Dynamics of membranes driven by actin polymerization

TL;DR

This paper presents a model explaining how actin polymerization driven by membrane activators causes dynamic membrane structures like ruffles and filopodia, matching experimental observations and predicting new behaviors.

Contribution

The authors introduce a simple, quantitative model linking membrane dynamics, activator density, and actin forces, elucidating the emergence of complex membrane structures.

Findings

Membrane motion can be wave-like or unstable depending on curvature.

The model reproduces experimental membrane behaviors.

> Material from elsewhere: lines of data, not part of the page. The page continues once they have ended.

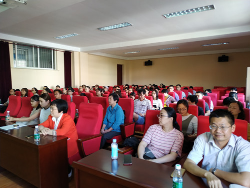 随后,陈志华老师主讲了“研学相长 教海扬帆——参加青年教师教学竞赛的体悟”主题报告,结合其参加校赛、省赛乃至国赛的体会,从赛前准备、教学内容、教学组织、教学设计等方面进行了详细讲解,并从多个角度和不同侧面分享了比赛经验、方法和技巧。陈老师建议参赛教师赛前一定要仔细研读《竞赛评分表》,认真分析各项目的评测要求,不要忽视任何一个得分点;在进行教学设计时要清晰而有巧思,教学内容既要涵括面广又要结构清楚、问题意识要强、要有设计感、图文配比应合理、材料制作应精良;在课堂教学中要深入浅出、彰显特色,做到雅俗相融、详略有致、张弛有度。
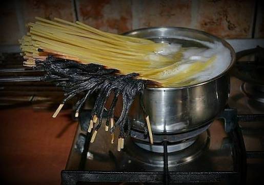 Просто вермишель нужно было поломать помельче, чтобы она не перевешивалась через край кастрюли.
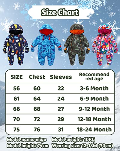 Design: il design con cerniera in un unico pezzo della tuta invernale neonato del bambino può essere indossato in un attimo per evitare che il bambino si raffreddi durante il cambio del pannolino, il motivo colorato e divertente dei cartoni animati è perfetto per i bambini e le bambine più carini, mentre viene fornito con guanti e copripiedi per dare al bambino più calore.

Predicts conditions for formation of filopodia and ruffles.

Abstract

A motile cell, when stimulated, shows a dramatic increase in the activity of its membrane, manifested by the appearance of dynamic membrane structures such as lamellipodia, filopodia and membrane ruffles. The external stimulus turns on membrane bound activators, like Cdc42 and PIP2, which cause increased branching and polymerization of the actin cytoskeleton in their vicinity leading to a local protrusive force on the membrane. The emergence of the complex membrane structures is a result of the coupling between the dynamics of the membrane, the activators and the protrusive forces. We present a simple model that treats the dynamics of a membrane under the action of actin polymerization forces that depend on the local density of freely diffusing activators on the membrane. We show that, depending on the spontaneous membrane curvature associated with the activators, the resulting membrane motion can be wave-like, corresponding to membrane ruffling and actin-waves, or unstable, indicating the tendency of filopodia to form. Our model also quantitatively explains a variety of related experimental observations and makes several testable predictions.